In the late nineteenth century, elite colleges and universities had their own entrance exams and they required candidates to travel to the school to take the tests. The subjects that were tested, and what topics were required of the student applicant within each subject, could vary from one college to another. This panoply of requirements was seen as unreasonable both by leaders of private high school academies as well as an increasing number of public high school principals. To better organize matters, the College Board, a consortium of colleges in the northeastern United States, was formed in late 1899 to establish a nationally administered, uniform set of essay tests based on the curricula of the boarding schools that typically provided graduates to the colleges of the Ivy League and Seven Sisters, among others. The first College Board exam—covering mathematics, the physical sciences, history, languages, and other subjects—was administered in 1901 to fewer than 1,000 candidates.

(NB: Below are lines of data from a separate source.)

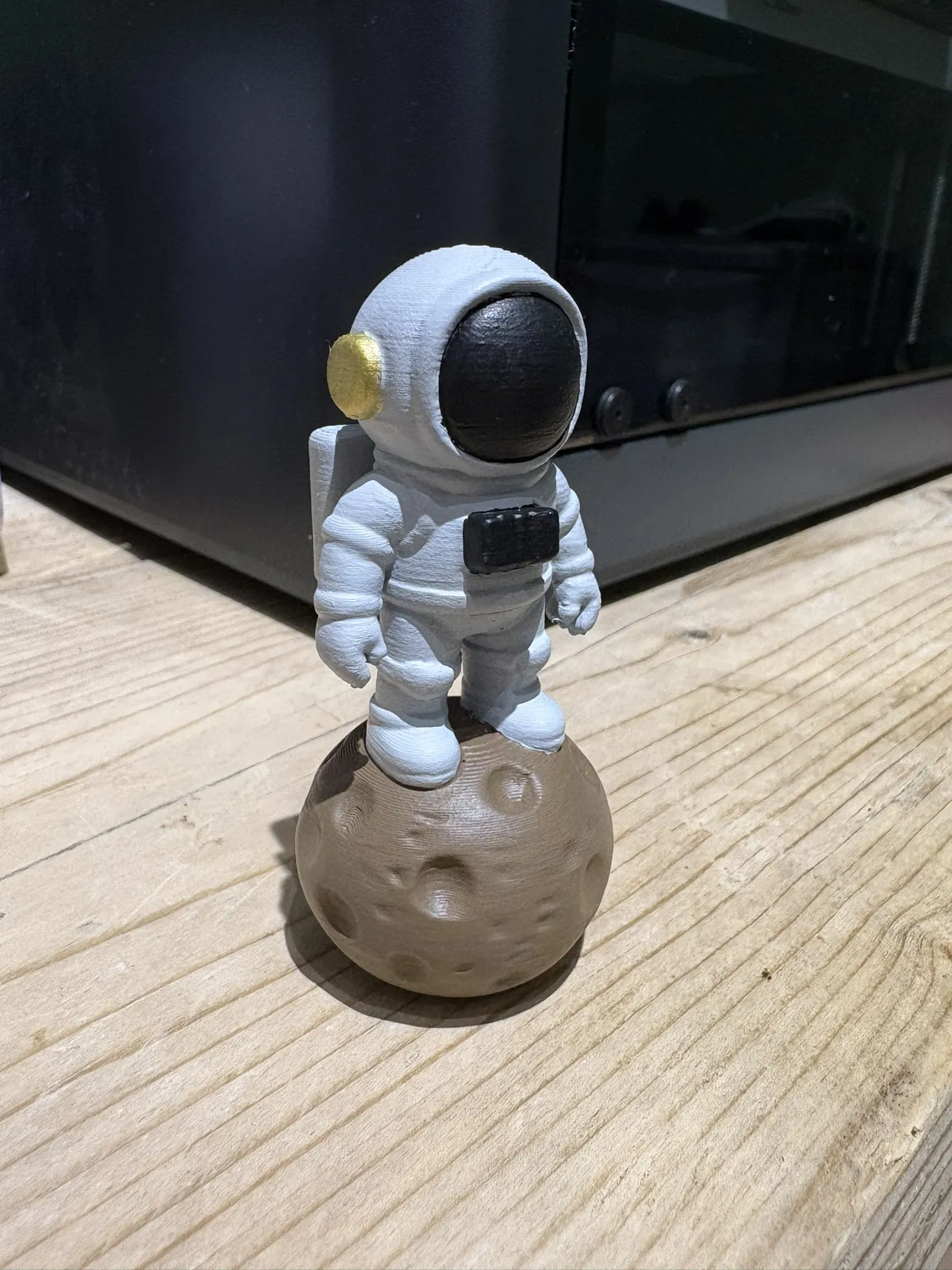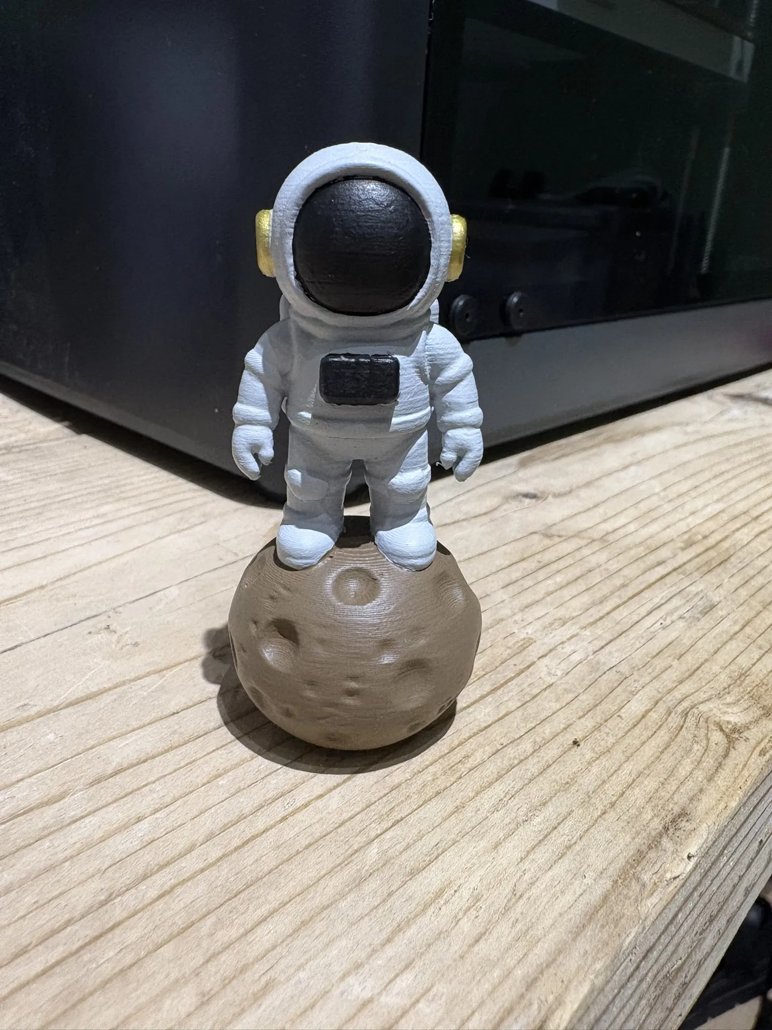 Mô hình phi hành gia vũ trụ được in đẹp mắt, ngồi trên một tảng đá trông rất ngộ nghĩnh. Mô hình này hoàn hảo cho những ai yêu thích không gian và đồ chơi nhỏ xinh.
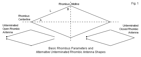 The rhombic antenna derives its name from its shape: the rhombus. In geometry, a rhombus is an equilateral parallelogram, that is, a closed 4-sided figure with all sides the same length, but with all corner angles normally using other than right angles. Fig. 1, at the top, shows a basic rhombus, with indications of the key dimensions.
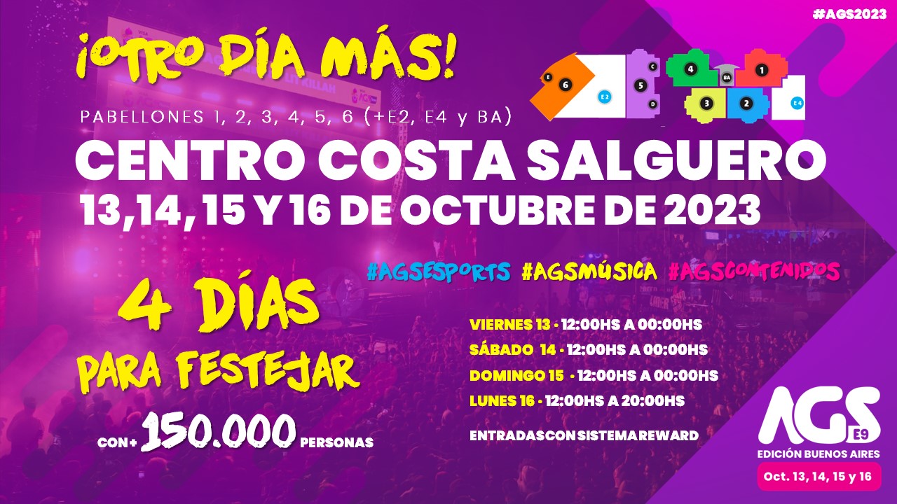 La novena edición de AGS, en la Ciudad de Buenos Aires, contará, como nos tiene acostumbrados, con innumerables sorpresas en cada una de sus jornadas durante los días 13, 14, 15 y 16 de octubre, en Costa Salguero. Si, esta vez AGS tiene #OtroDíaMás.
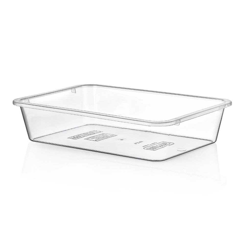 A rectangular kitchen container dedicated to storing food products. Particularly useful in the fridge as an organizer.
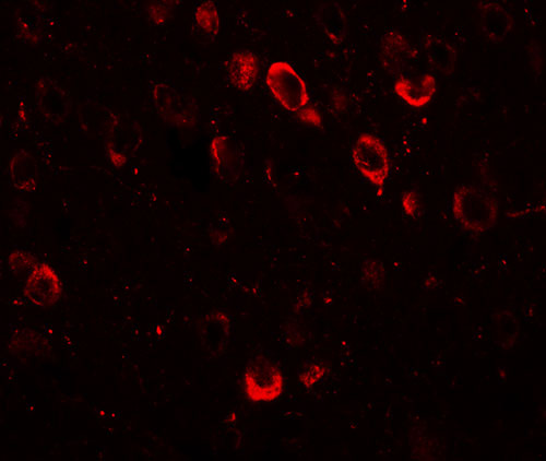 Immunofluorescence of SPRYD2 in mouse brain tissue with SPRYD2 antibody at 20 μg/mL. |
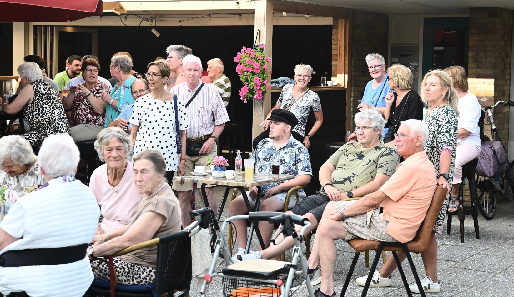 Het zeemanskoor Nijkerks Welvaren bracht maandagavond 10 juli een concert ten gehore in Hoevelaken. Het koor zong op de Wiekslag tegenover het gelijknamige café, alwaar een groot aantal muziekliefhebbers genoten van de vele zeemansliederen en smartlappen. Foto Kees van den Heuvel
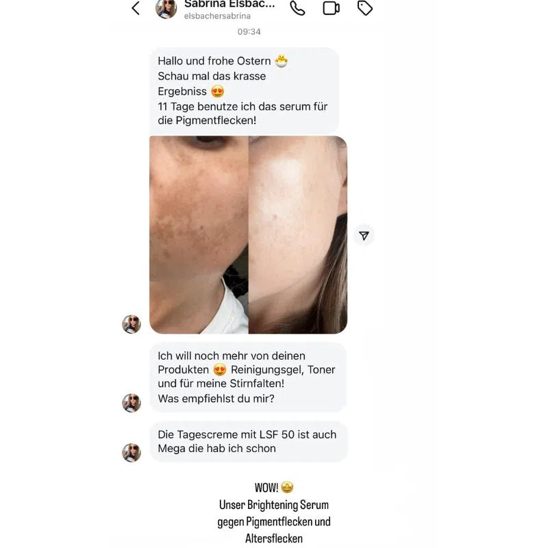 Das Brightening Serum ist eine wirkungsvolle Formel, die das gesamte Gesicht oder gezielt aufzuhellende Bereiche pflegt. Es fixiert sich auf dunklen Hautstellen, während es den Rest der Gesichtshaut pflegt.
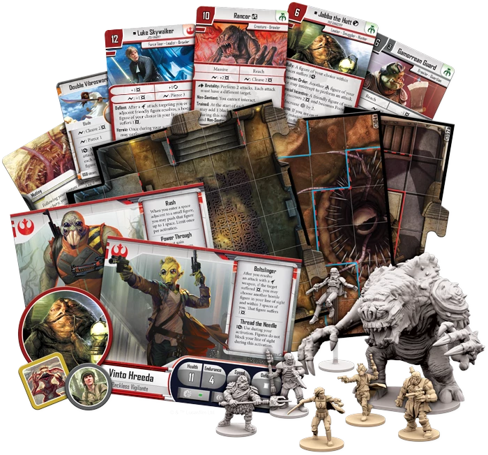 Fight alongside smugglers and bounty hunters in Jabba’s Realm! This expansion offers a new campaign with sixteen brand-new missions that explore the seedy underbelly of the galaxy and the worlds of the nefarious Hutt lords. Work alongside Jabba the Hutt for the welfare of your family as you oppose new forces such as the nimble Jet Troopers, powerful Gamorrean Guards, and even a ferocious Rancor! Meanwhile, the forces of the Rebellion swell with three all new heroes and the heroic Luke Skywalker, while new map tiles, items, classes, and rewards bring you deeper into the Star Wars adventure.

In the same time period, Lewis Terman and others began to promote the use of tests such as Alfred Binet's in American schools. Terman in particular thought that such tests could identify an innate "intelligence quotient" (IQ) in a person. The results of an IQ test could then be used to find an elite group of students who would be given the chance to finish high school and go on to college. By the mid-1920s, the increasing use of IQ tests, such as the Army Alpha test administered to recruits in World War I, led the College Board to commission the development of the SAT. The commission, headed by Carl Brigham, argued that the test predicted success in higher education by identifying candidates primarily on the basis of intellectual promise rather than on specific accomplishment in high school subjects, with the specific aim to exclude Black students:

[Brigham] created the test to uphold a racial caste system. He advanced this theory of standardized testing as a means of upholding racial purity in his book A Study of American Intelligence. The tests, he wrote, would prove the racial superiority of white Americans and prevent "the continued propagation of defective strains in the present population"—chiefly, the "infiltration of white blood into the Negro".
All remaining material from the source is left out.